Example — a file's content

# Postgres production setup

## Region
- Primary: us-east-1
- Replicas: us-west-2

## Credentials
1Password vault entry: `prod-db`.

## Schema
Migrations in `db/migrate/`.

Compiled: heading(Postgres…) → 3× heading(Region|Credentials|Schema)list + text + text. Each subtree independently fetchable; each fact ranks on its own. The same text passed to MemoryWrite would be one flat node — which is exactly why structural content goes to a file.

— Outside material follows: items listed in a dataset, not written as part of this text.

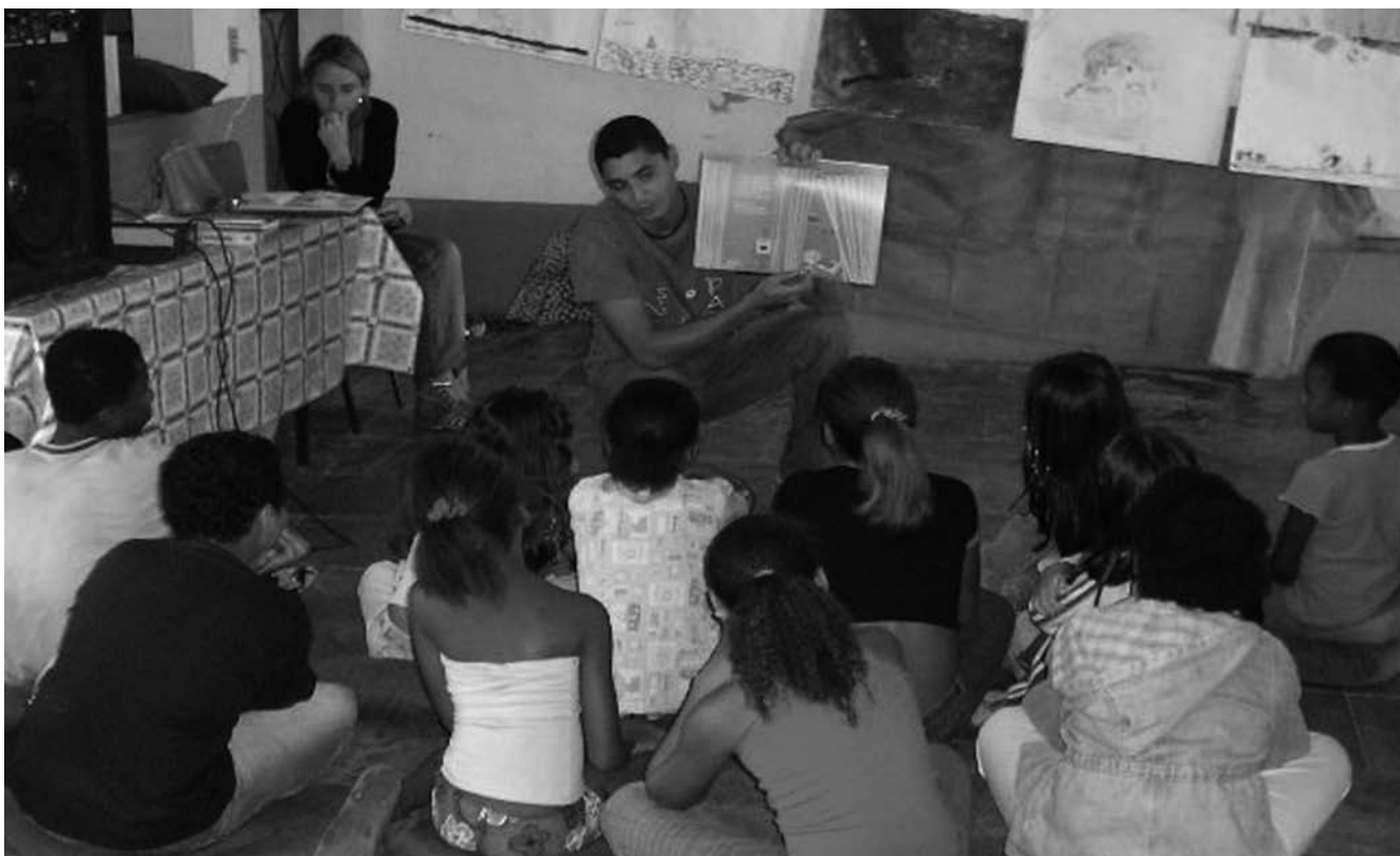
Biblioteca Popular en Sapucaia

En definitiva, las dos organizaciones, InteRed y Novamérica , se han propuesto paliar con sus ideas y esfuerzos los problemas que amenazan los derechos de millones de brasileños. Es indispensable marcar primero el terreno y señalar cuáles son las dificultades que impiden el desarrollo de la sociedad en su conjunto, esto es, la falta de acceso a la información, la discriminación racial y de género, el fracaso escolar de los niños, la violencia y los múltiples casos de exclusión social. Una vez que estos problemas son detectados, es preciso "contraatacar" con dosis de formación en Derechos Humanos, para propiciar primero la conciencia de grupo, más tarde, el empoderamiento de los propios sujetos sociales, la participación e implicación en los cambios, así como el intercambio de experiencias y conocimientos entre los protagonistas de esta historia, porque otro Brasil es posible, sí.
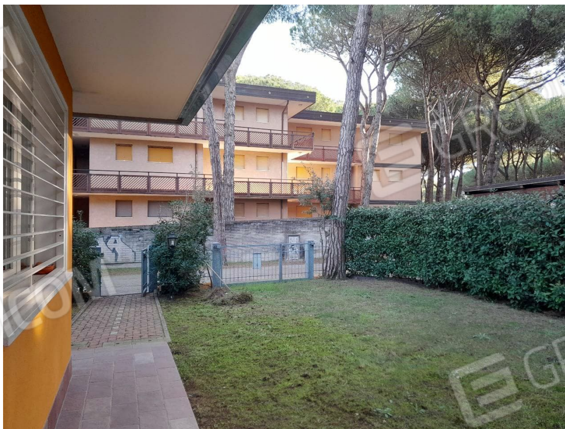
FOTO N.05_Zona accesso carraio
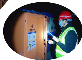
七公司中牟安置房建设项目留守职工夜间值班巡视。
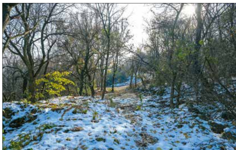
Nagyjából 8000 négyzetméter erdő maradhat meg a Rác Aladár út mentén
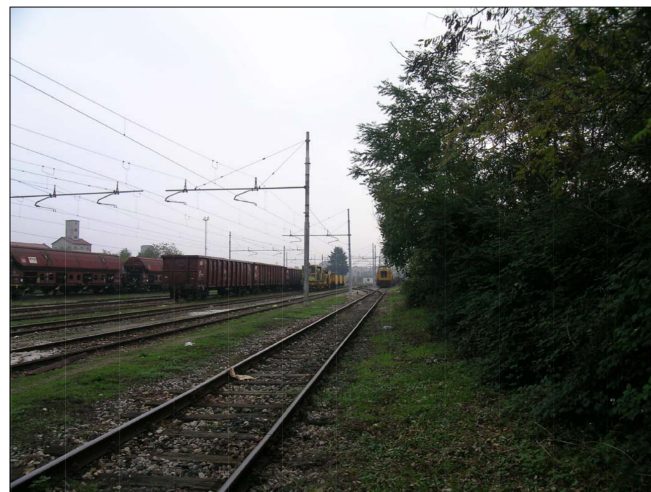
VISTA FOTOGRAFICA 6

MemoryWrite — the flat text plane

remindb__MemoryWrite(payload="<one short fact>")            # create: one text node, raw
remindb__MemoryWrite(anchor="<node_id>", payload="<text>")  # update one node in place
  • Always a single text node, FormatPlain, depth 1, source = mcp:write (it never parses — there is no "heading → tree" here).
  • Update replaces content in place; node_type/parent_id/source preserved. Whole-node replacement, no append/patch.
  • Search-first for an existing anchor before creating (via remind) — updating beats a near-duplicate sibling; parent/type/source/children + temperature history stay.
  • One logical update per call (each snapshots).

Beyond writes

  • File vs flat plane mechanics — $REMINDB_SOURCE, placement, rescan vs MemoryCompile, desync trap → references/write-paths.md
  • Removal / revert / pin / cold-node summarize / recompile + whenreferences/lifecycle.md
  • Wiki-link authoring + manual MemoryRelate edges → references/wiki-links.md
  • Parser block→node table + compaction rules → references/parser-mapping.md

Common traps

  • MemoryWrite doesn't parse. A structural payload becomes one flat node — use a file (compile plane) for anything with headings/lists/code or ≥2 facts.
  • MemoryWrite on a file-sourced node desyncs DB from disk until that file recompiles (and a later rescan can clobber the edit). For file-sourced content, edit the file + recompile.
  • Empty-content overwrite is not deletion. It sits at default warmth, pollutes search, leaves a phantom. Use MemoryForget.
  • mode=cascademode=reparent. Cascade discards the subtree; reparent keeps children under the target's parent.
  • You can't reparent by rewriting headings. MemoryWrite with an anchor preserves parent_id. Use MemoryForget mode=reparent.
  • Never put a secret in a payload or file. Record its location (vault path / 1Password entry), not its value.